One way for a network operator to implement this policy is using the local preference attribute in the announcement. Another way to implement the policy is using selective BGP announcements. It is generally recommended that the routers of the AS should not announce paths learned from its providers/peers to other providers and peers, in order to guarantee that the AS does not provide transit service between its providers or its peers. This is often known as the “valley-free” policy.

Inter-Domain Traffic Engineering

Traffic engineering (TE) is used by network operators to control the distribution of traffic in response to changes in the condition of a network. Traffic engineering techniques can involve adjusting the configuration of the routing protocols running on the router within the control of a network operator. In the inter-domain traffic engineering, most traffic engineering techniques still rely on network operators to make manual changes in the routing policies, without a good understanding of the impact of these policies on other domains.

Inter-domain traffic engineering encompasses a set of techniques designed to influence the distribution of traffic over the network.
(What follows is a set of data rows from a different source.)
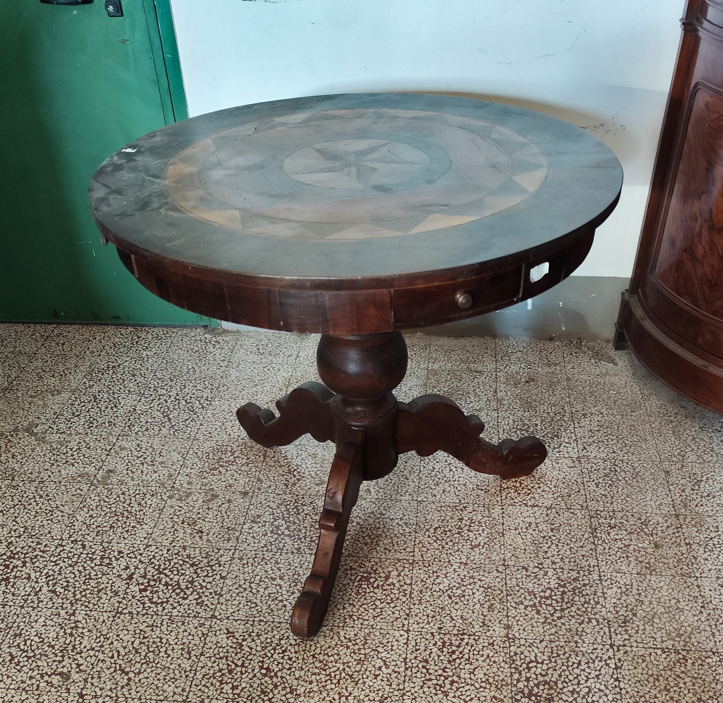 in noce, con piano intarsiato, quattro cassetti, diam. cm 90, alt. cm 80
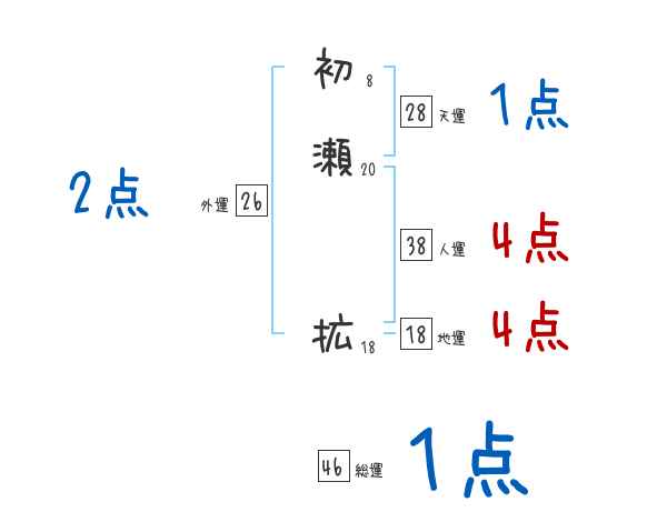 初瀬拡さんの画数の鑑定結果
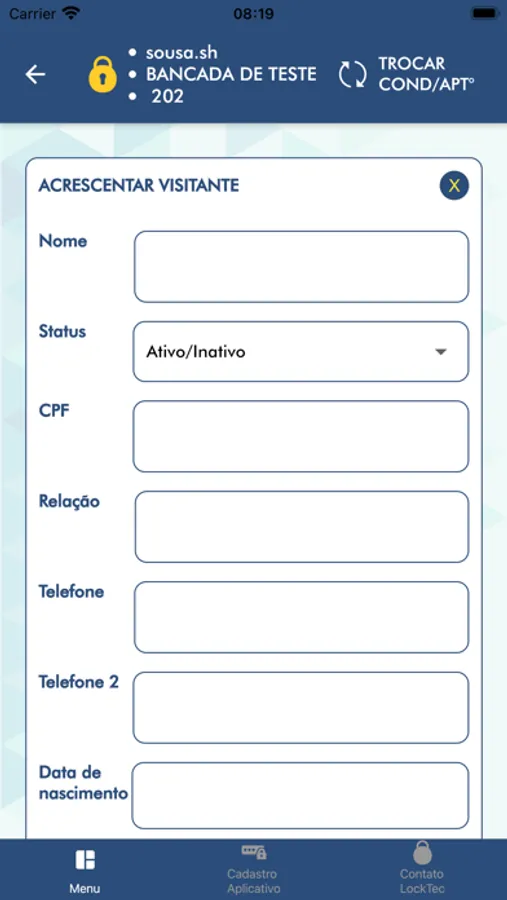2. O usuário terá acesso a todos os dados cadastrais, de todos os usuários cadastrados em seu apartamento (divididos nas categorias MORADORES, VISITANTES e FUNCIONÁRIOS), bem como dos veículos vinculados.

Equipment failures and changes in routing policies in neighboring domains can trigger sudden shifts in the flow of traffic. Flash crowds caused by special events and new applications can also cause significant changes in the load on the network. Network failures and traffic fluctuations degrade user performance and lead to inefficient use of network resources. Network operators adapt to changes in the distribution of traffic by adjusting the configuration of the routing protocols running on their routers. Additionally, routing configuration changes are often necessary after deploying new routers and links.

Lacking a systematic approach for inter-domain traffic engineering, network operators make manual changes in the routing policies without a good understanding of the effects on the flow of traffic or the impact on other domains. Ultimately, this ad hoc approach to inter-domain traffic engineering must evolve into mature, well-tested guidelines and mechanisms. The embodiments of the methods and system described herein advance automated inter-domain traffic engineering, focusing on the AS path pre-pending functions.

BGP Community Attributes

BGP supports transit policies via controlled distribution of routing information. BGP communities are attribute tags that can be applied to incoming or outgoing prefixes to achieve some common goal (as defined in RFC 1997). While it is common to say that BGP allows an administrator to set policies on how prefixes are handled by network operators, this is generally not possible, strictly speaking. For instance, BGP natively has no concept to allow one AS to tell another AS to restrict advertisement of a prefix to only North American peering customers. Instead, a network operator generally publishes a list of well-known or proprietary communities with a description for each one, which essentially becomes an agreement of how prefixes are to be treated. Examples of common communities include local preference adjustments, geographic or peer type restrictions, denial of service (DoS) avoidance (black holing), and AS pre-pending options. A network operator might configure its AS such that any paths received from customers with community XXX:500 will be advertised to all peers (default) while community XXX:501 will restrict advertisement to North America. A customer AS adjusts their router configuration to include the correct community(ies) for each path, and the provider AS is responsible for controlling who the prefix is advertised to. The end user has no technical ability to enforce correct actions being taken by the provider AS, though problems in this area are generally rare and accidental.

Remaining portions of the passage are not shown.